Та утвердительно кивнула и потянула ее в сторону появившейся из подъезда Лоры. С ней была Нина.
– Здравствуйте, – сказала Таня. – Неужели Ира уже уехала? Я так замоталась, что не позвонила.
– Ну, да, – неохотно произнесла сонная девушка. – Еще вчера. После того как мы вас встретили.
Они обошли дом, вышли на лужайку, где собаки немного побегали, затем прошлись по аллее и направились к своему двору мимо соседнего здания. Лора вдруг отпрянула от темной груды у дорожки и громко залаяла, Жуля ее поддержала. Нина остановилась.
– Пошли, – сказала Таня. – Они на каждый пакет лают.

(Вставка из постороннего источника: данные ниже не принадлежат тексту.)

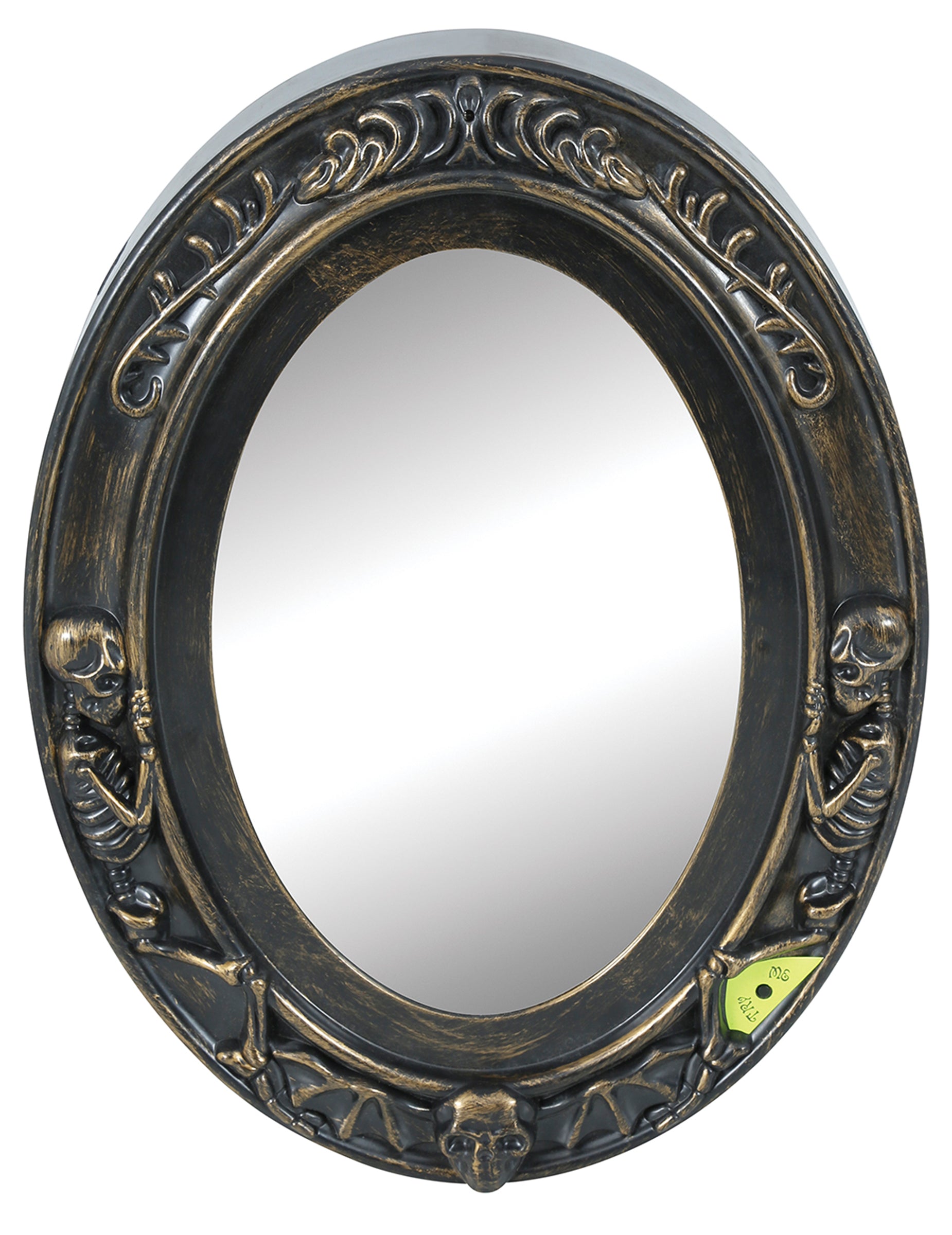 Ovo lažno ogledalo za Noć vještica izgleda kao da je upravo izvučeno iz stare napuštene kuće. Njegov crni izlizani okvir, ukrašen malim reljefnim motivima, privlači pogled, ali prava iznenađenja dolaze kad mu se približite. Na staklu se iznenada pojavljuje lubanjsko lice, praćeno crvenim svjetlosnim efektima i jezivim zvukovima.

А тут, кажется, вообще чье-то пальто лежит.
– Это не пальто, – возразила Нина и подошла поближе к чему-то темному под деревьями. – Это человек… Посмотрите, там девушка… Мертвая?
Утром Валентина поднялась в обычное время – в семь часов, быстро взглянула на спину мужа и демонстративно потянулась, зевнула, как после долгого глубокого сна. Ни один из них не признается другому, что не спит, если дочь не ночует дома. Когда это случилось первый раз – Марина не пришла, ее телефон был отключен, – они с Сашей до утра обзванивали ее знакомых, потом позвонили в полицию. Выслушали все, что там говорят в таких случаях… И тут открылась дверь. Марина влетела, посмотрела на них и сказала:
– Только не надо, ладно? Я спать хочу.
Валентина ничего и не собиралась ей говорить. Она смотрела на ее глаза, обведенные тенью бессонной и, видимо, страстной ночи, на губы, яркие не от помады, и думала о том, что вот и настало это время. А они к нему не готовы. Дочь легко ушла на целую ночь в свою жизнь, и они чувствовали себя обездоленными калеками, как будто взрывной волной у них оторвало руки, ноги, обожгло дыхание… А Марине просто было хорошо. Она забыла о них. И к этому теперь точно придется привыкать. Марина ушла на кухню, похлопала дверцей холодильника, потом шумела вода в ванной, после она закрыла дверь своей комнаты.
– Ты ничего ей не скажешь? – сдавленно спросил муж.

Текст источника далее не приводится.